This makes no sense, and it’s absurd anyone thinks it does. If the AI PR were any good, it wouldn’t need review. And if it does need review, why would the AI be trustworthy if it did a poor job the first time?
This is like reviewing your own PRs, it completely defeats the purpose.
And no, using different models doesn’t fix the issue. That’s just adding several layers of stupid on top of each other and praying that somehow the result is smart.
I get your point, but reviewing your own PRs is a very good idea.
As insulting as it is to submit an AI-generated PR without any effort at review while expecting a human to look it over, it is nearly as insulting to not just open the view the reviewer will have and take a look. I do this all the time and very often discover little things that I didn't see while tunneled into the code itself.
I haven't taken a strong enough position on AI coding to express any opinions about it, but I vehemently disagree with this part:
> This is like reviewing your own PRs, it completely defeats the purpose.
I've been the first reviewer for all PRs I've raised, before notifying any other reviewers, for so many years that I couldn't even tell you when I started doing it. Going through the change set in the Github/Gitlab/Bitbucket interface, for me, seems to activate an different part of my brain than I was using when locked in vim. I'm quick to spot typos, bugs, flawed assumptions, edge cases, missing tests, to add comments to pre-empt questions ... you name it. The "reading code" and "writing code" parts of my brain often feel disconnected!
Obviously I don't approve my own PRs. But I always, always review them. Hell, I've also long recommended the practice to those around me too for the same reasons.

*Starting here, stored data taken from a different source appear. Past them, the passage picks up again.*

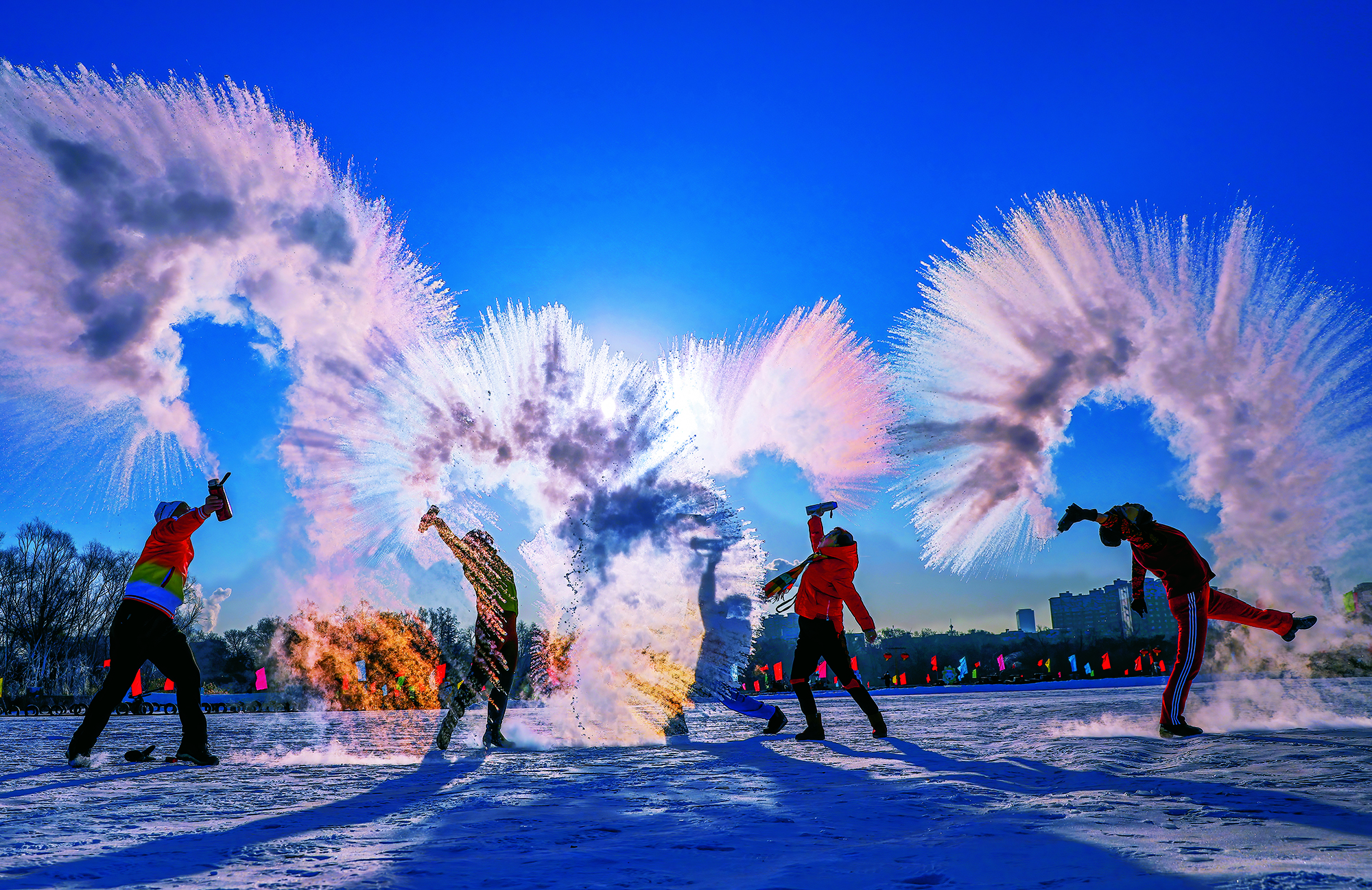 2021年1月8日,辽宁省沈阳市,当日气温低至零下22摄氏度,市民们在冰面上玩泼水成冰游戏
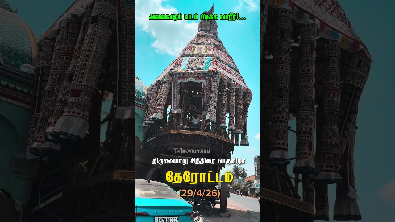 திருவையாறு தேரோட்டம் (29/4/26) அனைவரும் வடம் பிடிக்க வாரீர்!…#thiruvaiyaru #aiyarappar #trendingreel thiruvaiyaru.in 4 hours ago ThiruvaiyaruSun, April 26, 2026 8:23amURL:Embed:
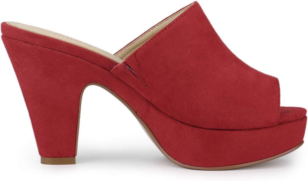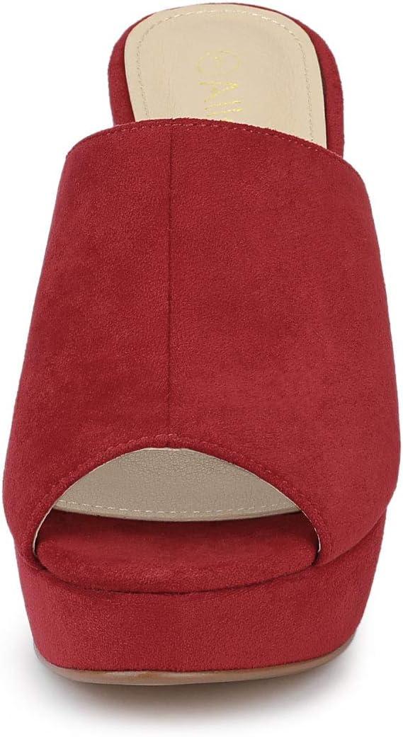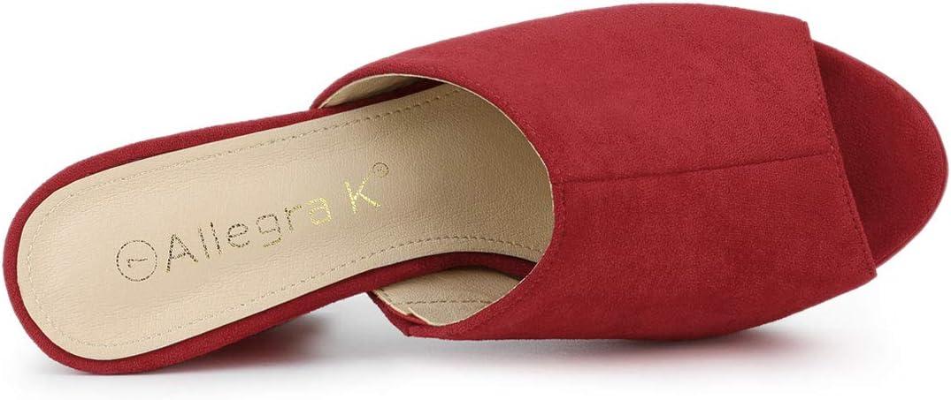 Allegra K Women’s Open Toe Platform Chunky Heel Slides Sandals(Red)

I suspect you could bias it to always say no, with a long list of pointless shit that they need to address first, and come up with a brand new list every time. maybe even prompt "suggest ten things to remove to make it simpler".
ultimately I'm happy to fight fire with fire. there was a time I used to debate homophobes on social media - I ended up writing a very comprehensive list of rebuttals so I could just copy and paste in response to their cookie cutter gotchas.
Your assumptions are wrong. AI models do not have equal generation and discrimination abilities. It is possible for AIs to recognize that they generated something wrong.
> This makes no sense, and it’s absurd anyone thinks it does. If the AI PR were any good, it wouldn’t need review. And if it does need review, why would the AI be trustworthy if it did a poor job the first time?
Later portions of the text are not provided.